### Task brief:
With pictures left out, return only the lines from the line containing "本次学习的主题是:深入学习中" through the end of the material below, both included.
═══ Collected data ═══
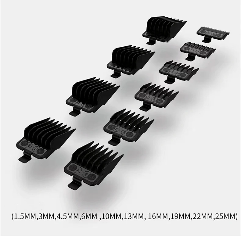 10 specifications of limit comb are suitable for all kinds of hair quality, and meet any hair style 1.5mm 3.0mm 4.5mm 6mm 10mm 13mm 16mm 19mm 22mm 25mm
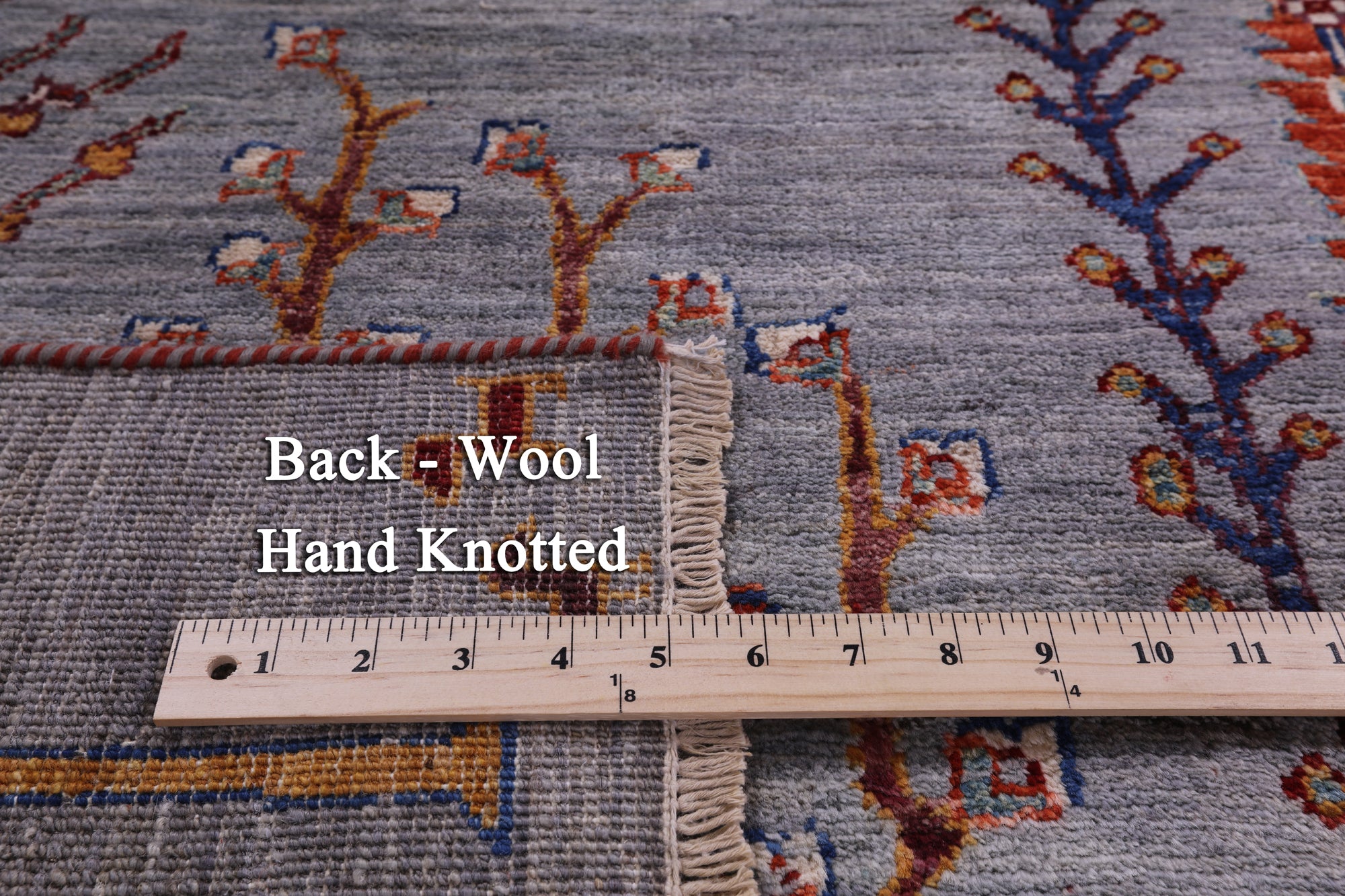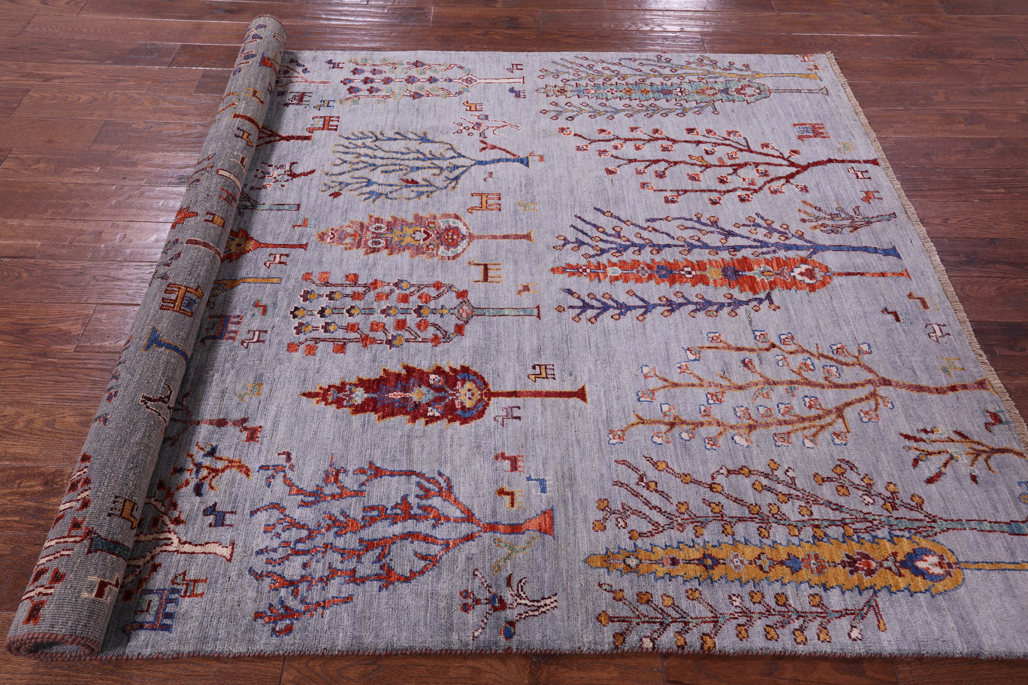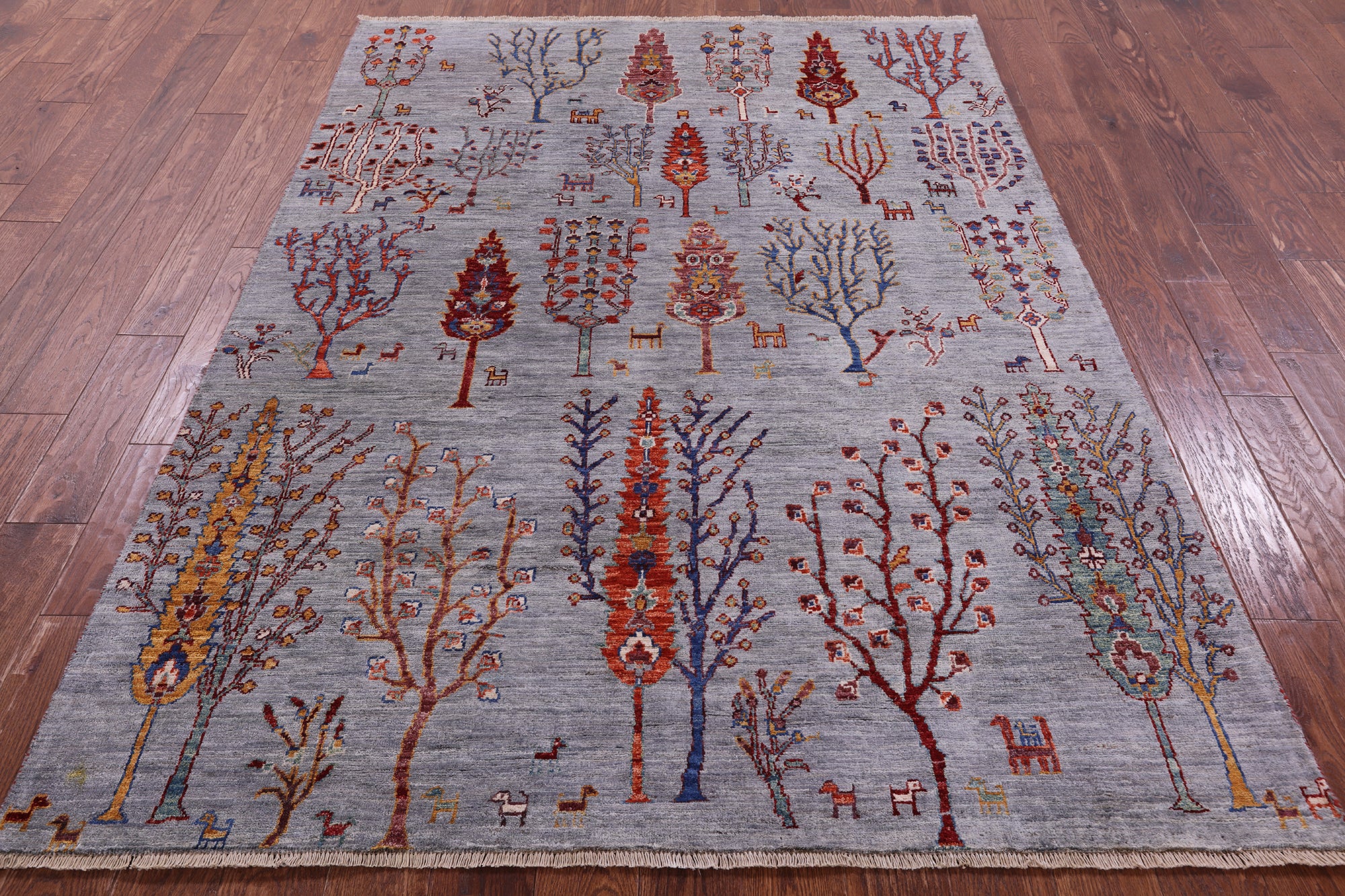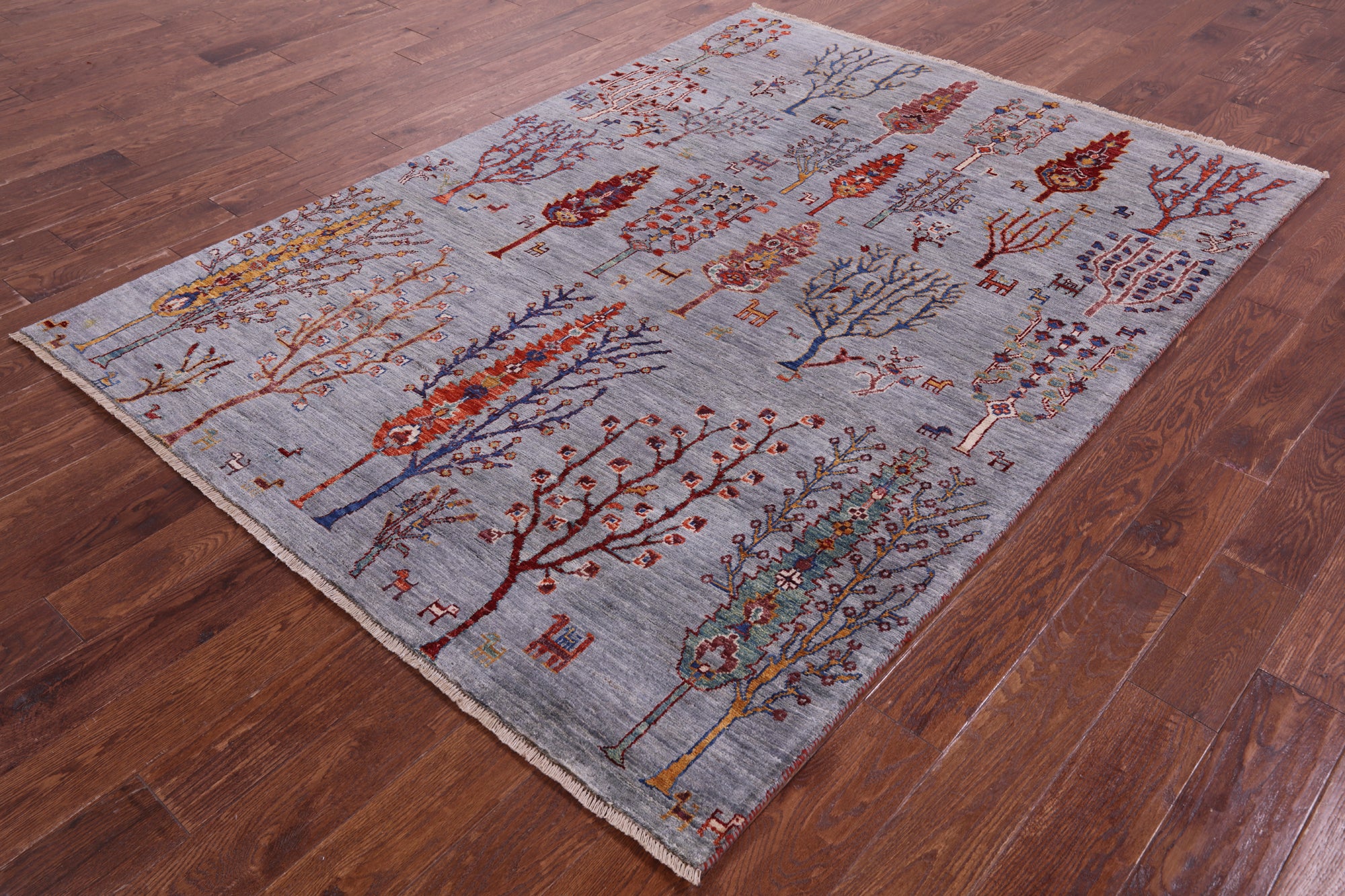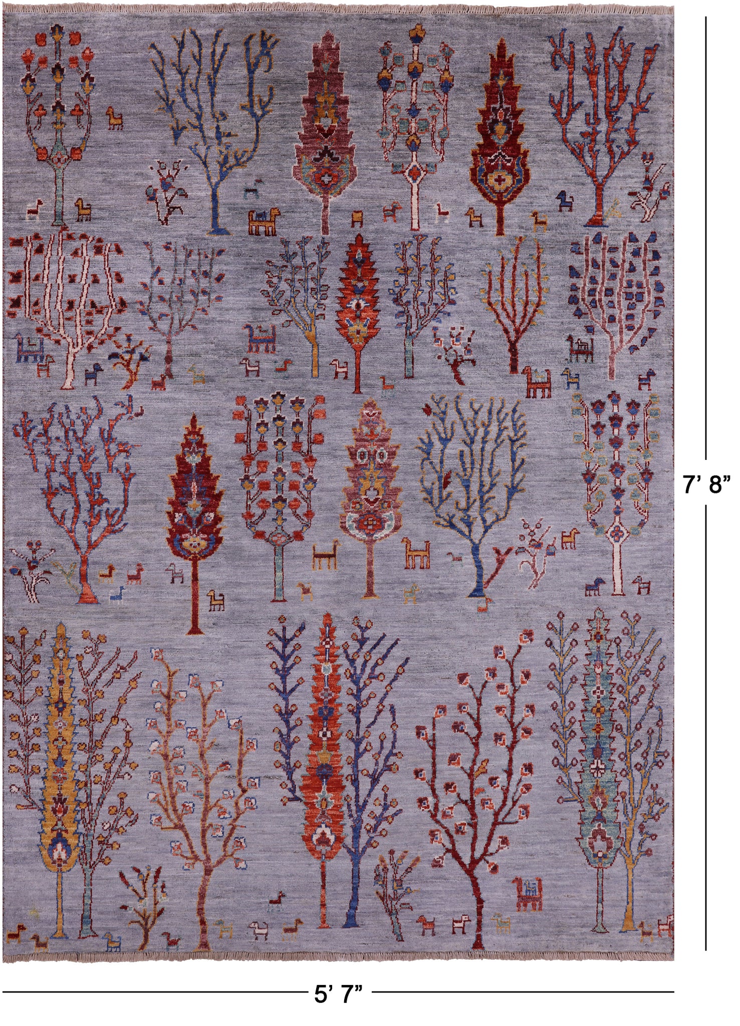 Grey Tribal Persian Gabbeh Hand Knotted Wool Rug - 5' 7" X 7' 8"
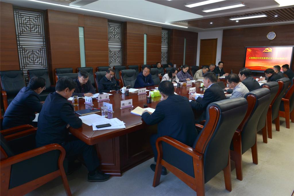 本次学习的主题是:深入学习中国共产党第十九届中央委员会第四次全体会议精神;深入学习中共中央办公厅 国务院办公厅《关于深化新时代学校思想政治理论课改革创新的若干意见》;深入学习秦光荣严重违纪违法案件相关会议和文件材料,深刻认识汲取秦光荣严重违纪违法深刻教训、全面净化云南政治生态的重要性紧迫性,发扬斗争精神,以案为鉴、以案促改,坚决肃清秦光荣等流毒影响。专题学习由校党委书记饶卫主持。
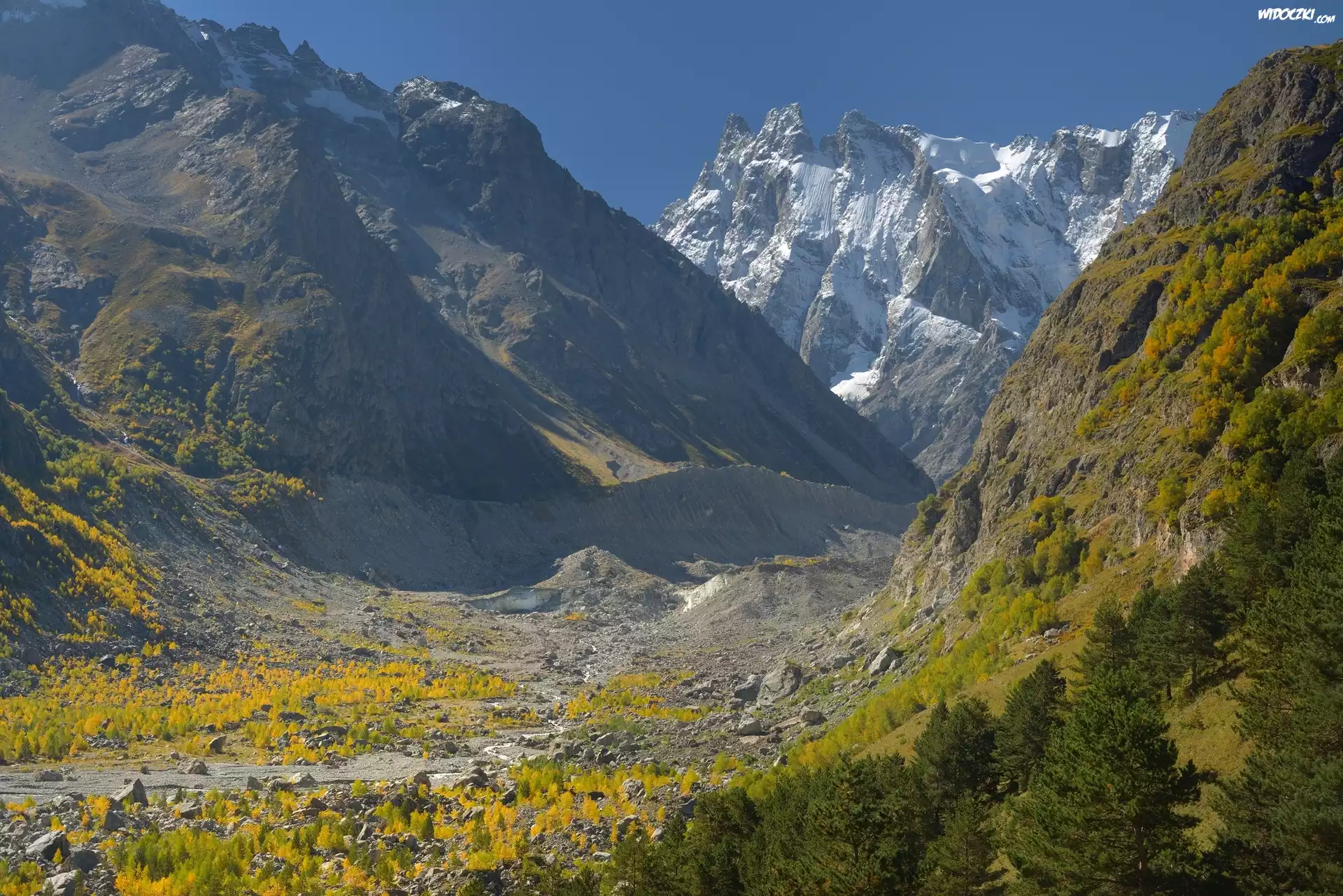 Góry, Drzewa, Ośnieżone, Szczyty, Dolina
═══
### Result for this task:
 本次学习的主题是:深入学习中国共产党第十九届中央委员会第四次全体会议精神;深入学习中共中央办公厅 国务院办公厅《关于深化新时代学校思想政治理论课改革创新的若干意见》;深入学习秦光荣严重违纪违法案件相关会议和文件材料,深刻认识汲取秦光荣严重违纪违法深刻教训、全面净化云南政治生态的重要性紧迫性,发扬斗争精神,以案为鉴、以案促改,坚决肃清秦光荣等流毒影响。专题学习由校党委书记饶卫主持。
 Góry, Drzewa, Ośnieżone, Szczyty, Dolina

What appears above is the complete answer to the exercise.